Around the year 2000, the production volume for flax and hemp pulp totalled 25,000 to 30,000 tonnes per year, which was produced from about 37,000 to 45,000 tonnes of fibers. Up to 80% of the produced pulp is used for specialty papers (including 95% cigarette paper). Only about 20% goes into the standard pulp area and are here in mostly lower quality wood pulp (unpurified tow with high hurd content). In the case of hemp pulp alone, the proportion of specialty papers is probably around 99%. The market is considered to be saturated, so no or only low growth in this area is predicted.

===Costs===
Production costs are about five times higher than for paper from wood since the infrastructure for using hemp is underdeveloped. For the most part, hemp paper is used for specialty applications and not for mass applications such as printing, writing and packaging paper. If the paper industry were to switch from wood to hemp for sourcing its cellulose fibers, the following benefits could be utilized to offset the cost differential:

- Hemp yields three to four times more usable fibre per hectare per annum than forests, and hemp does not need pesticides or herbicides.
- Hemp has a much faster crop yield. It takes about 3–4 months for hemp stalks to reach maturity, while trees can take between 20 and 80 years. Not only does hemp grow at a faster rate, but it also contains a high level of cellulose. This quick return means that paper can be produced at a faster rate if hemp were used in place of wood.
- Hemp paper does not require the use of toxic bleaching or as many chemicals as wood pulp because it can be whitened with hydrogen peroxide. This means using hemp instead of wood for paper would provide significant environmental benefits by ending the creation of chlorine or dioxin runoff.
- Hemp paper can be recycled up to 8 times, compared to just 3 times for paper made from wood pulp.
- Compared to its wood pulp counterpart, paper from hemp fibers resists decomposition and does not yellow or brown with age. It is also one of the strongest natural fibers in the world - one of the reasons for its longevity and durability.
- Several factors favor the increased use of wood substitutes for paper, especially agricultural fibers such as hemp. Deforestation, particularly the destruction of old growth forests, and the world's decreasing supply of wild timber resources are today major ecological concerns. Hemp's use as a wood substitute will contribute to preserving biodiversity.

===Uses===
While hemp pulp is most often reserved for specialty grades, it also appears (usually in blends) in some commodity-style papers where a "tree-free" or durability angle is desired.
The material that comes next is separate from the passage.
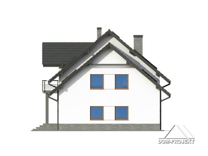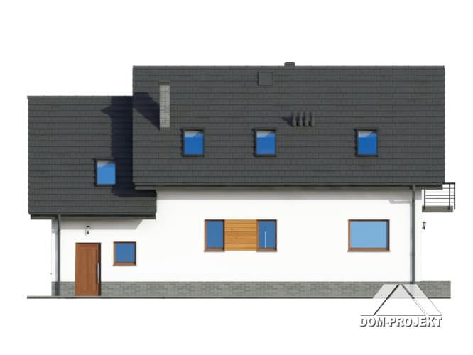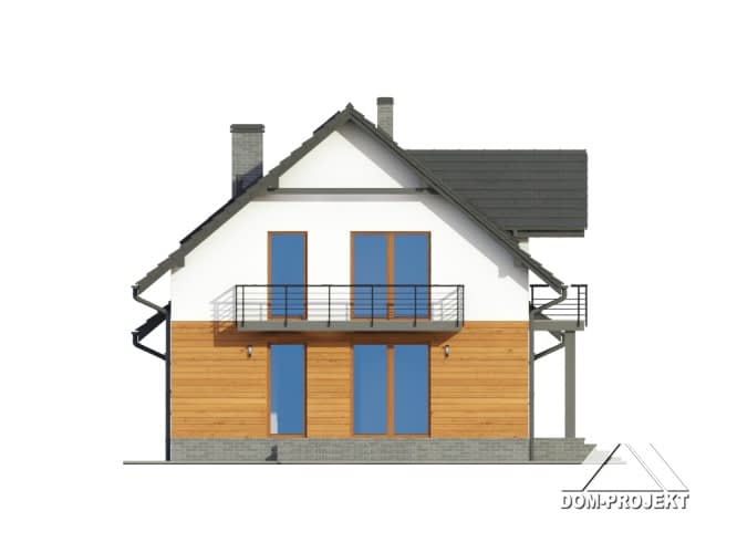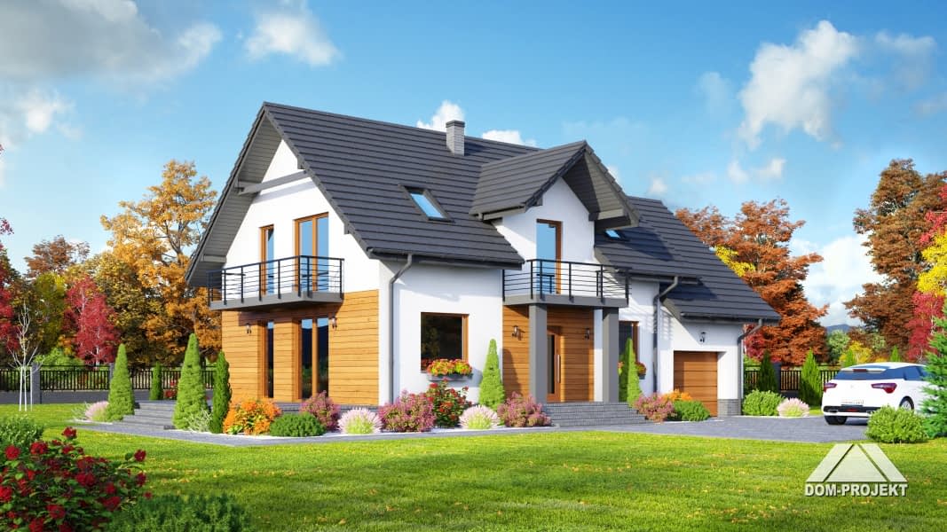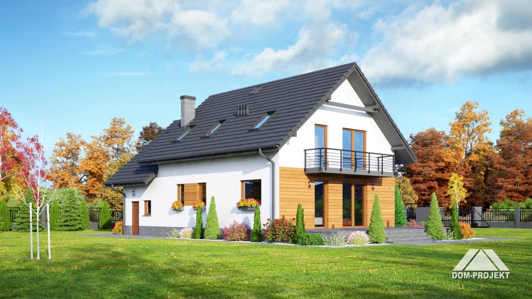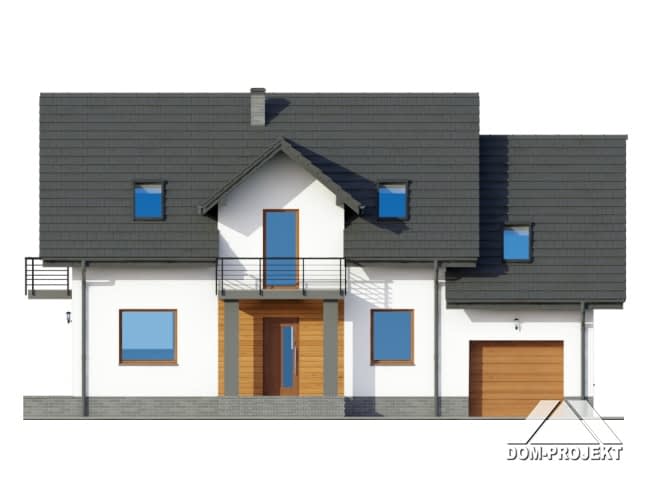 Dom z garażem i poddaszem użytkowym. Duży salon z aneksem kuchennym, kominkiem i wyjściem na taras. Pokój, łazienka, spiżarka, wiatrołap i komunikacja. Garaż i kotłownia. Na poddaszu trzy pokoje (każdy z balkonem), łazienka i wc. Strych (łatwo może być wykorzystany na cele mieszkalne). Zwarta bryła budynku i dach dwuspadowy sprzyjają szybkiej i taniej budowie i niskim kosztom eksploatacji.Rzuty

- Printing – used for small-run or brand-forward print pieces (e.g., marketing collateral and art/brand materials) where a natural tone and tactile sheet are part of the look. Common examples include business cards, brochures, postcards, flyers, and presentation folders. It is commonly blended with other fibres to improve machine runnability and keep costs closer to conventional stocks.
- Writing – used for stationery and premium writing sheets where fold endurance and long-fibre strength are valued. These products frequently emphasize longevity and a distinctive texture rather than bright whiteness.
- Packaging – used for packaging papers and board-like substrates (such as sleeves, inserts, and hang-tag style components) where tear resistance and an environmental narrative are priorities. Hemp content is often incorporated as a reinforcing portion rather than as the sole fibre source.
- Specialty grades – the best-known uses remain in niche papers where specific performance requirements justify the cost (for example, thin papers, security-oriented papers, and technical/filtration applications).